TRAMA
Al leader e fondatore di un quartetto d’archi prossimo a celebrare i 25 anni insieme vengono diagnosticati i primi sintomi del Parkinson. In vista del suo addio l’intero gruppo va in crisi.
RECENSIONI
Nonostante l'atmosfera crepuscolare Una fragile armonia (A late quartet) non è un film sulla terza o quarta età, né sulla malattia. Porta in scena un anziano violoncellista, da poco vedovo, costretto dalla malattia a dire addio alla musica, e tre persone di mezz'età chiamate dal cambiamento ad un bilancio delle proprie vite. Dunque un film sui bilanci, ma prima ancora sulle relazioni umane. Quasi un dramma da camera fortemente centrato sulle dinamiche famigliari, giacché i membri del gruppo sono a tutti gli effetti una famiglia, di fatto e simbolicamente. La pellicola si nutre di dialoghi, rivelazioni e chiarimenti, sterzate e fratture nei rapporti.
L'improvvisa perdita di un elemento cardine del quartetto - quel nucleo che ha riempito in tutti i sensi l'esistenza e l'identità dei suoi componenti - innesca un processo dirompente che sconvolge da ogni punto di vista la fragile armonia indispensabile per suonare insieme per 25 anni vivendo in una simbiosi fatta di intesa, fiducia e dedizione reciproca, compromessi e sacrifici. Tutti hanno rinunciato a pezzi di vita estranea alla musica, alla genitorialità ed al tempo da dedicare a se stessi, ma anche a molte ambizioni personali. E se la presenza del più anziano del gruppo garantiva equilibrio e coesione, la notizia del suo allontanamento risveglia insoddisfazioni, insicurezze e pulsioni dimenticate. In modo forse troppo dirompente per una sceneggiatura misurata il tappo salta e tutto quel che potrebbe accadere ai protagonisti, immaginando praticamente ogni combinazione possibile, accade.

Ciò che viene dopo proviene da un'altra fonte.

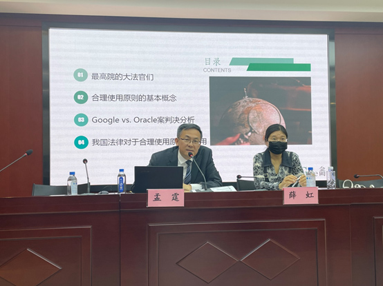 孟霆先生首先簡(jiǎn)要介紹了美國(guó)最高法院法官的組成和背景,結(jié)合“合理使用”原則產(chǎn)生的背景及相關(guān)典型案例,介紹了該概念內(nèi)涵不斷發(fā)展、沿革的過(guò)程。之后,孟霆先生詳細(xì)介紹了谷歌與甲骨文案始末,圍繞計(jì)算機(jī)軟件著作權(quán)保護(hù)的特殊性,對(duì)美國(guó)最高法院判決理由進(jìn)行了深入解讀,并對(duì)該案對(duì)“合理使用”原則概念的影響和發(fā)展趨勢(shì)進(jìn)行了展望。最后,孟霆先生對(duì)我國(guó)國(guó)內(nèi)法有關(guān)“合理使用”原則的相關(guān)規(guī)定、國(guó)內(nèi)相關(guān)司法案例對(duì)該原則的運(yùn)用進(jìn)行了對(duì)比分析,加深了聽(tīng)眾對(duì)“合理使用”原則的理解,為相關(guān)法律從業(yè)人員的實(shí)踐操作提供了有益啟示。

Il secondo violino dà voce alle proprie frustrate aspirazioni e scalpita per guadagnare finalmente il ruolo di primo piano che non ha mai avuto; non trovando l'appoggio sperato nella moglie manda in crisi il loro rapporto con un tradimento lampo presto scoperto. La figlia della coppia, anch'essa musicista, intreccia una relazione dal sospetto odore compensatorio-aggressivo con un altro membro del quartetto, dell'età dei suoi genitori ed un tempo innamorato di sua madre. E questo lacera anche il resto dei rapporti all'interno del gruppo. In questa stessa figlia esplode poi il rancore verso i genitori da sempre assenti per gli impegni lavorativi, mentre sua madre sente di perdere la figura paterna rappresentata dal padre simbolico ora malato.
Un po' troppo, forse. E nemmeno nuovissimo. Ci sono però un paio di ragioni valide per sottoporsi alla visione. La prima è la delicatezza del tocco con cui il regista - premiato documentarista - affronta lo snodarsi dei drammatici confronti tra i protagonisti ed inserisce le dinamiche emotive all'interno di una riflessione non didascalica sul rapporto tra arte ed artista e sul potere della musica. La seconda ragione è costituita dalla prova fornita dagli interpreti, che conquistano e convincono con la naturalezza del talento. La dignitosa compostezza con cui il personaggio di Christopher Walken accetta la scoperta del Parkinson e la necessità ineluttabile di rassegnarsi ad una nuova vita, più da spettatore che da protagonista, è resa sempre credibile dalla grande prova dell'attore. Misurati ed efficaci anche Catherine Keener e Mark Ivanir, mentre Philip Seymour Hoffman è, banalmente, fuori discussione.